**What is required**
In the material below, begin at the line that has "An 18th-century etching", stop after the line that has "Como es un expositor", and transcribe those lines exactly, without pictures.

**Raw data**
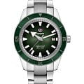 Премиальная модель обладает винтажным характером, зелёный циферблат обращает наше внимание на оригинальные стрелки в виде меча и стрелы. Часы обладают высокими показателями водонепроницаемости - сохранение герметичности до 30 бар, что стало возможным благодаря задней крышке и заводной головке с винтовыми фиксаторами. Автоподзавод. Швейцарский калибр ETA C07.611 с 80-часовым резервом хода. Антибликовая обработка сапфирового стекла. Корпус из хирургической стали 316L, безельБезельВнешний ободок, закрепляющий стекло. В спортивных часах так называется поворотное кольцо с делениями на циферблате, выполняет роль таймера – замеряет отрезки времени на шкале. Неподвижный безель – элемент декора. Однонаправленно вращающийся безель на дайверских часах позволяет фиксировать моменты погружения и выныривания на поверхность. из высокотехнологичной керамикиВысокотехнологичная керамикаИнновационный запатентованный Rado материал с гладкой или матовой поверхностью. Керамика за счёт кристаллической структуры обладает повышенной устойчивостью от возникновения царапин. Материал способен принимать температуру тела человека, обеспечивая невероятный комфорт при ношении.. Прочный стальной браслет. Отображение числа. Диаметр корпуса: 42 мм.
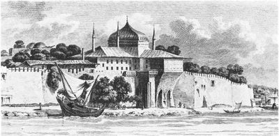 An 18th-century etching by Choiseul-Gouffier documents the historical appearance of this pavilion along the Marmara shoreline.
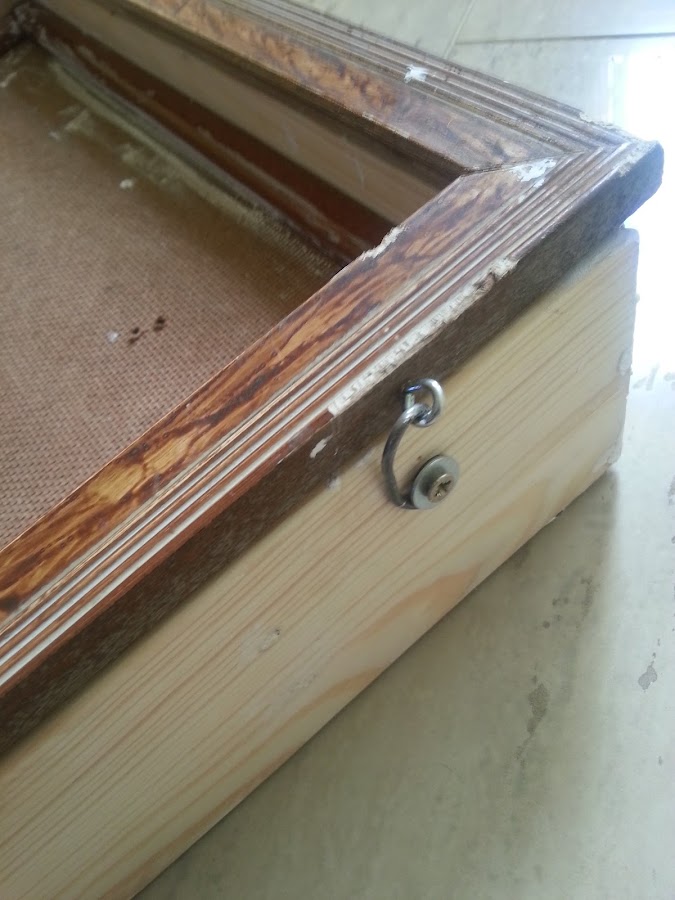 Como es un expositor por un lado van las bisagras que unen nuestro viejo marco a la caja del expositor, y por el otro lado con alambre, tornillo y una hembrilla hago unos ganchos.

* * *

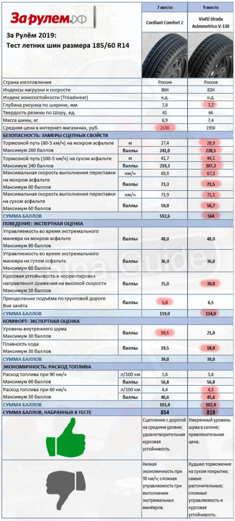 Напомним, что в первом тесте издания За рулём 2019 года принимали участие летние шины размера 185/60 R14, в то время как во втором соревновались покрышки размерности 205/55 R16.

**Solved exercise**
 An 18th-century etching by Choiseul-Gouffier documents the historical appearance of this pavilion along the Marmara shoreline.
 Como es un expositor por un lado van las bisagras que unen nuestro viejo marco a la caja del expositor, y por el otro lado con alambre, tornillo y una hembrilla hago unos ganchos.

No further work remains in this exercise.